A problem which is frequently encountered by users of electronic
equipment is that of electro-magnetic interference (EMI). For
example, complex solid state PBX systems utilized by the telephone
industry are susceptible to interference from a number of noise
generating sources. In addition, the high frequency switching
circuits of the systems can also be a source of noise. Such
interference may be reduced to some degree by enclosing the
electronic equipment in a tight metal cover to provide an EMI tight
structure. However, the problem still exists of economically
filtering the hundreds of signal leads entering and leaving the PBX
cabinet.
The ideal location for filter units is inside the connector for the
signal leads. Filter connectors are well known in the art. In one
form, each electrical contact in the connector is provided with its
individual filter assembly, including a plurality of small ferrite
annular elements and a fragile ceramic tube which are assembled
together in proper fashion to form the filter.
In another form of prior art filter construction, the inductance is
provided by a ferrite disc having a plurality of apertures for
receiving connector contacts, thereby minimizing the number of
parts required. Also, a conductive disc having a plurality of
apertures receiving the terminals has been employed as a part of a
capacitor feature of the filter. However, an individual dielectric
tube for each capacitor is required.
The following U.S. patents disclose filter connectors of the
general type discussed hereinabove: U.S. Pat. Nos. 3,002,162;
3,447,104; 3,535,676; 3,573,677; 3,721,869; and 3,854,107.
It will be appreciated that the filtering techniques employed in
the connectors described hereinabove and in the aforementioned
patents are not practical for connectors having a large number of
contacts, such as telephone connectors, because a large number of
parts are required to provide the filtering capacity, which results
in costly construction in terms of manufacturing and assembly. A
typical connector utilized in the telephone industry is disclosed
in U.S. Pat. No. 3,002,176 to Yopp and incorporates 50 contacts.
Furthermore, such filtering arrangements cannot be readily
incorporated into connectors already installed in the field since
the filter elements must be mounted around the contacts in the
connectors.
An alternative form of filter connector is disclosed in U.S. Pat.
No. 3,538,464 to Walsh. The Walsh patent discloses a filter
connector utilizing a multi-layer monolithic ceramic capacitor. The
contacts in the connector extend through apertures in the
capacitor. Alternate line electrode plates in the capacitor extend
into the wall of each aperture and are joined by a conductive layer
on the wall which is in turn connected to the contact in the
aperture.
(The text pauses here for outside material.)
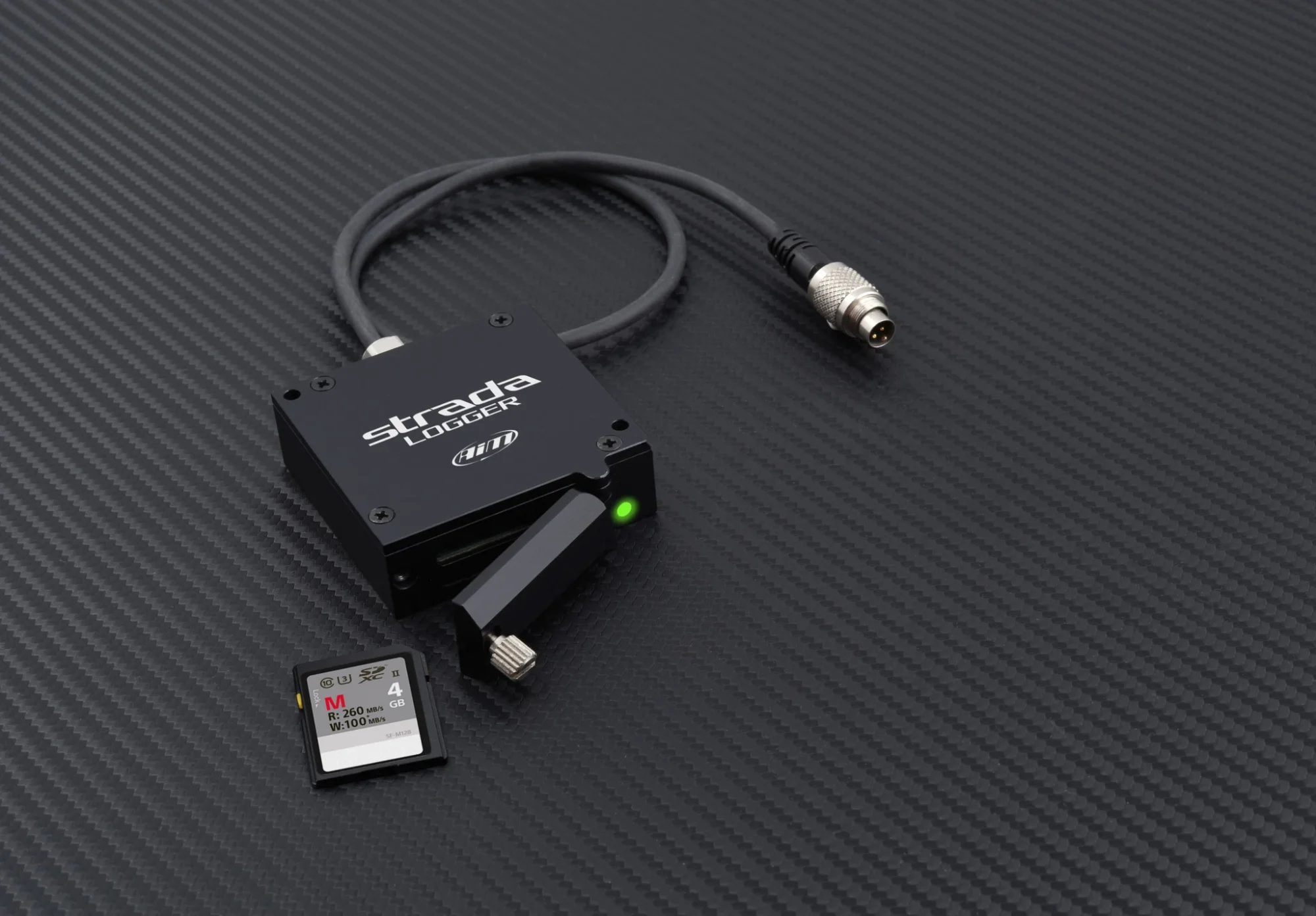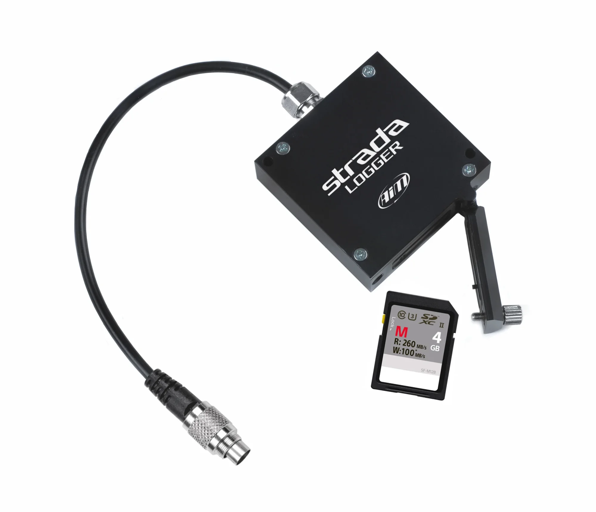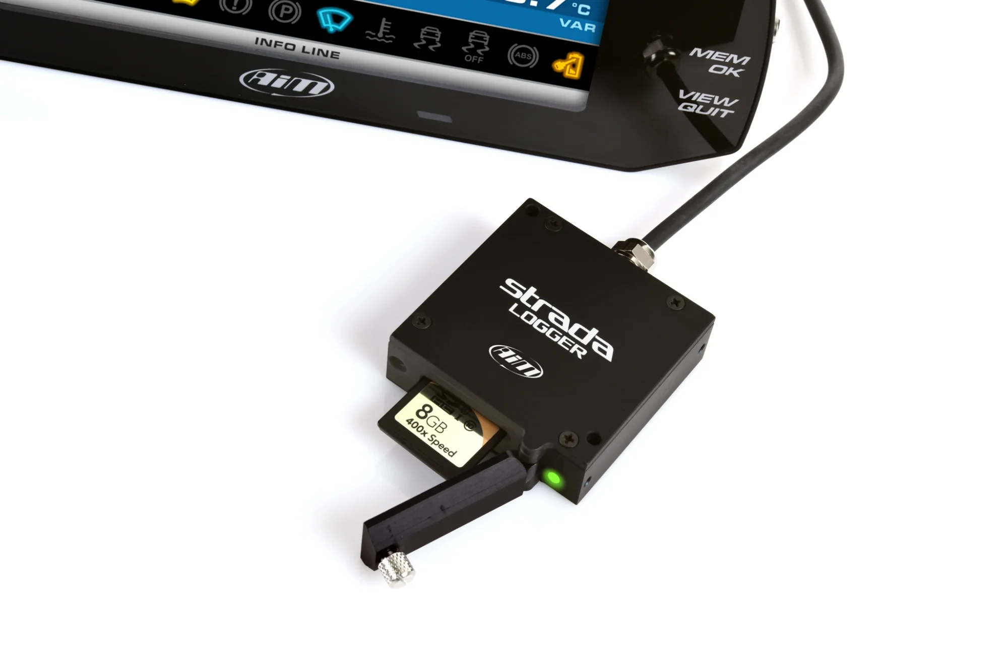 AiM Strada Logger to kompaktowy moduł pamięci / loggera, który rozszerza możliwości wyświetlaczy AiM Strada o funkcje rejestracji danych (czyli praktycznie „upgrade” ze Strada w kierunku funkcjonalności Pista). Producent wskazuje go jako moduł do dashy z serii Strada, m.in. MXS 1.3 Strada, MXP 1.3 Strada, MXG 1.3 Strada i MXT 1.3 Strada.

Capacitor ground plates are embedded in the dielectric
substrate of the capacitor between the live electorde plates and
extend to the outer periphery of the substrate where they are
electrically connected to the housing of the connector. While such
a structure minimizes the number of parts required to provide
filtering capacity in a connector, it has the disadvantage that,
like the other filter connectors discussed above, the capacitor
assembly is a feed through arrangement. That is, the contacts must
be mounted through the capacitor units.
The prior art feed through filter arrangements are not practical
for incorporation into connectors already installed in the field.
Furthermore, feed through filter arrangements could be incorporated
into standard connectors, such as those utilized in the telephone
industry, only by completely redesigning the connector and
retooling, which would be very costly.
The purpose of the present invention is to provide low cost and
convenient filtering capacity for already installed telephone
systems or the like which will not require replacement or
modification of the connector presently utilized in the systems.
Another object of the invention is to provide filters in standard
connectors without requiring reconstruction or redesign of the
connectors.
SUMMARY OF THE INVENTION
According to the principal aspect of the present invention, there
is provided a filter connector comprising an electrical connector
housing having at least one row of contacts therein. A monolithic
capacitor is mounted on the connector housing along one side of the
row of contacts. The capacitor comprises a dielectric substrate
having a plurality of parallel, spaced live electrodes on the face
thereof facing the contacts. The electrodes are aligned with the
contacts and are electrically connected thereto. At least one
second electrode is mounted on the substrate in capacitive relation
to the live electrodes. In a preferred embodiment of the invention,
the second electrode is a ground electrode which extends across the
dielectric and is connected to the housing of the connector.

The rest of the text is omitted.